IMSc Extra Homework Assignment - ftsrg-edu/ase-labs GitHub Wiki
IMSc Extra Homework Assignment: Industrial IoT
Industrial Internet of Things (IIoT) systems represent the convergence of operational technology (OT) and information technology (IT) in industrial settings, connecting physical machinery, sensors, and control systems to networked computing resources. IoT enables real-time monitoring, predictive maintenance, process optimization, and data-driven decision making by collecting and analyzing data from throughout the manufacturing process, while maintaining the robust reliability and safety requirements essential to industrial operations. This integration creates what's often called a "smart factory" or part of Industry 4.0, where manufacturing processes become more autonomous, efficient, and adaptable.
The goal of this task is to create a domain model for IIoT systems be leveraging Refinery and modern intelligent coding assistant (e.g., Copilot) technologies.
- You may solve tasks 1 and 2 either by hand, by an intelligent coding assistant (LLM), or a combination thereof.

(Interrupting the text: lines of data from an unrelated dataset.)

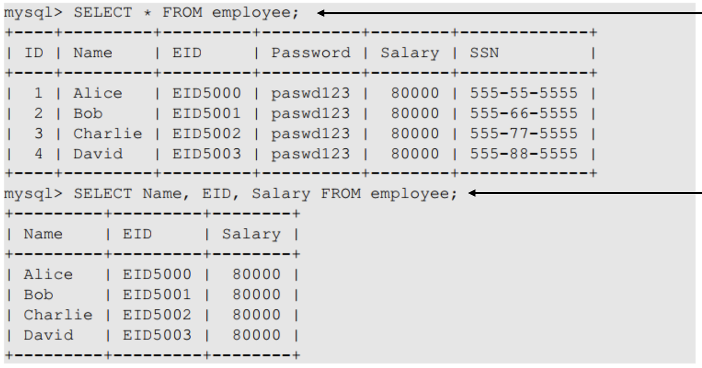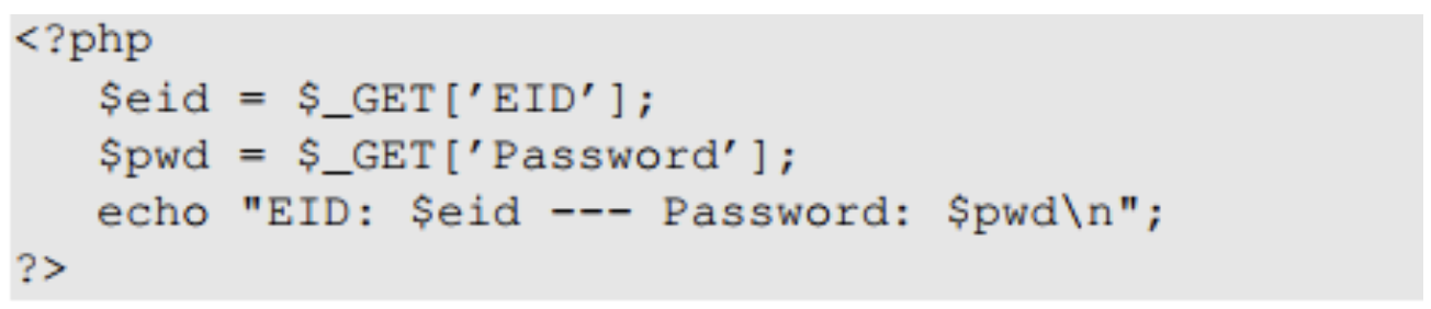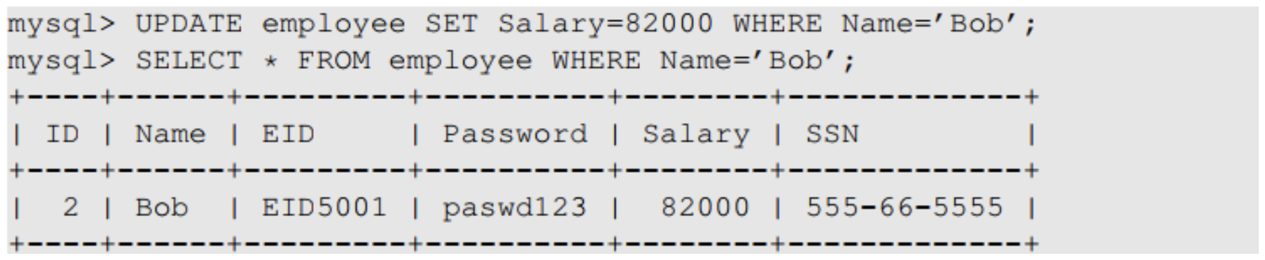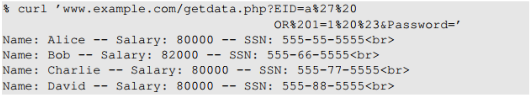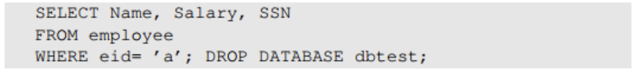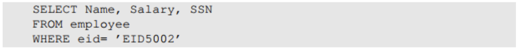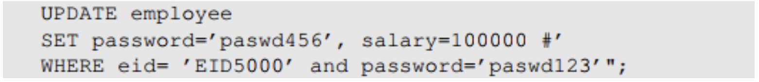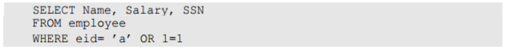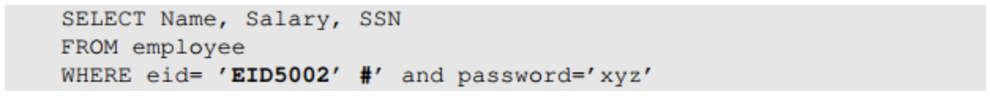 아이디로 EID5002' #을 입력한다면 실제로 입력으로 들어가는 쿼리문은 위 사진과 같다. 이 경우 해당 아이디 사용자의 비밀번호응 몰라도 직원의 이름, 급여, SSN을 반환할 수 있으며 이는 보안이 침해되는 방식이다.
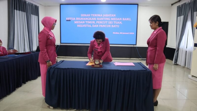 Ketua Bhayangkari Polrestabes Medan Ny Ulivia Teddy Marbun menggelar serah terima jabatan pengurus dan Ketua Ranting Cabang Bhayangkari Polrestabes Medan di Gedung Patriatama Polrestabes Jalan HM Said Medan, Senin (8/1/2024).
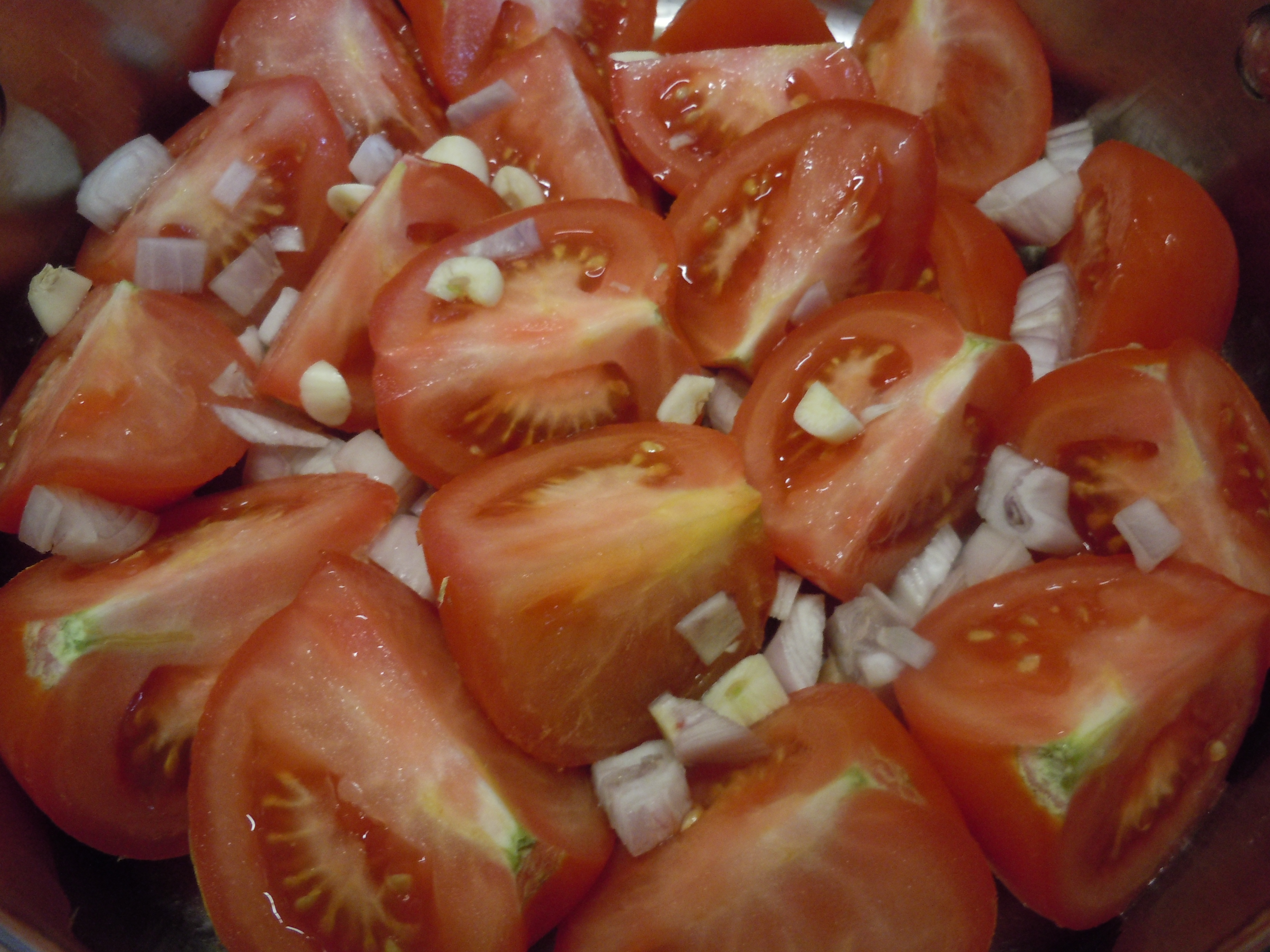 1 Quarter the tomatoes and chop the shallots and garlic.

- Task 3 requires manual intervention with Refinery to perform semantic analysis on your domain model.
- Task 4 attempts to perform a similar semantic analysis with an LLM.
- In task 5, you'll use Refinery and an LLM together for neuro-symbolic reasoning.
You may use any intelligent coding assistant (e.g., Copilot, Tabnine, JetBrains AI), or any cloud-based (e.g., ChatGPT, Claude, Gemini) or local (e.g., Llama) LLM.
At each step, document your work, including the relevant Refinery code, graph models, and the used prompts and the transcript of the conversation with the LLM. To include graph models in your documentation, you can use the Export button in the Graph view in the Refinery web interface to export your graph model as an image.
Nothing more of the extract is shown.